Etienne Schneider: Le secteur financier s'est développé de manière disproportionnée par rapport à l'industrie, qui ne représente plus que 25%. Nous allons continuer à travailler sur la question.
L'essentiel: Allez-vous concrétiser le chantier de la logistique?
Etienne Schneider: Il y a beaucoup d'obstacles administratifs. Mais il y a un potentiel aussi grâce à notre fiscalité. De grands transporteurs m'ont dit qu'ils étaient prêts à déménager des milliers de camions chez nous.
L'essentiel: Est-ce que ça va créer de l'emploi?
Etienne Schneider: Cela peut en générer 5.000. Et des non-qualifiés. Or, beaucoup sont au chômage car ils ne sont pas qualifiés.
L'essentiel: Quelle autre idée avez-vous en tête pour la diversification?
Etienne Schneider: Je veux attirer la recherche au Luxembourg. Même si cela ne créera pas beaucoup d'emplois, cela peut avoir de grandes retombées financières.

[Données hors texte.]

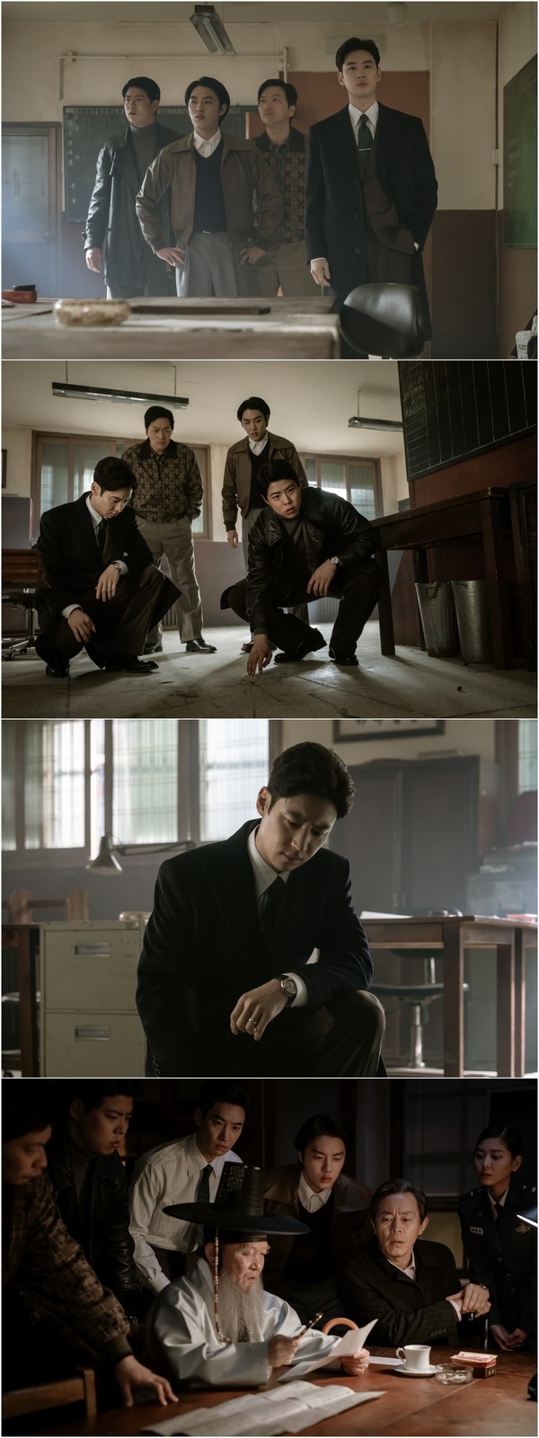 여기에 또 다른 사진에는 형사들 사이, 조선 시대에서 온 듯한 ‘선비(?)’ 비주얼의 남자가 시선을 강탈한다. 도포와 갓부터 길고 흰 수염까지 모든 면면이 그의 정체를 궁금케 한다. 과연 그가 유심히 살펴보는 문서들은 무엇인지, 대낮에 건물에서 추락한 남자의 사연은 무엇일지 이목이 집중된다.

L'essentiel: A-t-on une chance de voir une usine s'installer au Grand-Duché un jour?
Etienne Schneider: C'est très difficile, mais si elle est à forte valeur ajoutée, c'est possible.
L'essentiel: Comment appréhendez-vous votre mandat de ministre?
Etienne Schneider: Je vois le Luxembourg en tant quentreprise, et les citoyens comme les actionnaires. C'est l'esprit d'entreprise qui a pu faire du pays l'un des plus riches.